> _Exercise instructions_
From the listing below, set down exactly each line beginning with the one containing "- Now it is" and ending with the last.

BEGIN Entries supplied

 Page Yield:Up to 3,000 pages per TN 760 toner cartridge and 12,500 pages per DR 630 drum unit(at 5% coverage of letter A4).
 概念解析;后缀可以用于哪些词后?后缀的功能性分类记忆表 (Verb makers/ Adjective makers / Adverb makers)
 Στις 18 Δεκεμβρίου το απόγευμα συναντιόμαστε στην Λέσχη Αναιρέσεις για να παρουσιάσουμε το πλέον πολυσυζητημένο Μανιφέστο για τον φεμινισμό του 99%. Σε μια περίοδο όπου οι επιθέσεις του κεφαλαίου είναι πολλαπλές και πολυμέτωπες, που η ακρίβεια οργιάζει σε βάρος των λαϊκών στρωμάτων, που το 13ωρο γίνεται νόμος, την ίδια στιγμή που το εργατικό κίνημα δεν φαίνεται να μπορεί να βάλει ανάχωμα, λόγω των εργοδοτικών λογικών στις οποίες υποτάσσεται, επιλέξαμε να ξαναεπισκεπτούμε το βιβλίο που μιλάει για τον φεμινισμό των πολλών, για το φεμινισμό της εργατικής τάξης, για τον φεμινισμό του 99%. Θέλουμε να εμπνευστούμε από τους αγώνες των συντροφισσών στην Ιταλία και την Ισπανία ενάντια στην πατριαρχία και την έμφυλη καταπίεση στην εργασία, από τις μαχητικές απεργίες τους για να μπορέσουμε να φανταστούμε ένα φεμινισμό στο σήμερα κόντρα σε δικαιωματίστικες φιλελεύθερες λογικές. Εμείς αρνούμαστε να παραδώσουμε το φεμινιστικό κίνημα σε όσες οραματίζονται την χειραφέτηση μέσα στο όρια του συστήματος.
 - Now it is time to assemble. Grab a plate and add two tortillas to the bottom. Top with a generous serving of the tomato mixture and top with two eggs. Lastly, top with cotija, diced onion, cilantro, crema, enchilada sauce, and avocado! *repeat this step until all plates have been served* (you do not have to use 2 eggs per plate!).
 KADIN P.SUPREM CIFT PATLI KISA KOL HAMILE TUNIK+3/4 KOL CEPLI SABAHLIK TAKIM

END Entries supplied

> _Output of the task_
 - Now it is time to assemble. Grab a plate and add two tortillas to the bottom. Top with a generous serving of the tomato mixture and top with two eggs. Lastly, top with cotija, diced onion, cilantro, crema, enchilada sauce, and avocado! *repeat this step until all plates have been served* (you do not have to use 2 eggs per plate!).
 KADIN P.SUPREM CIFT PATLI KISA KOL HAMILE TUNIK+3/4 KOL CEPLI SABAHLIK TAKIM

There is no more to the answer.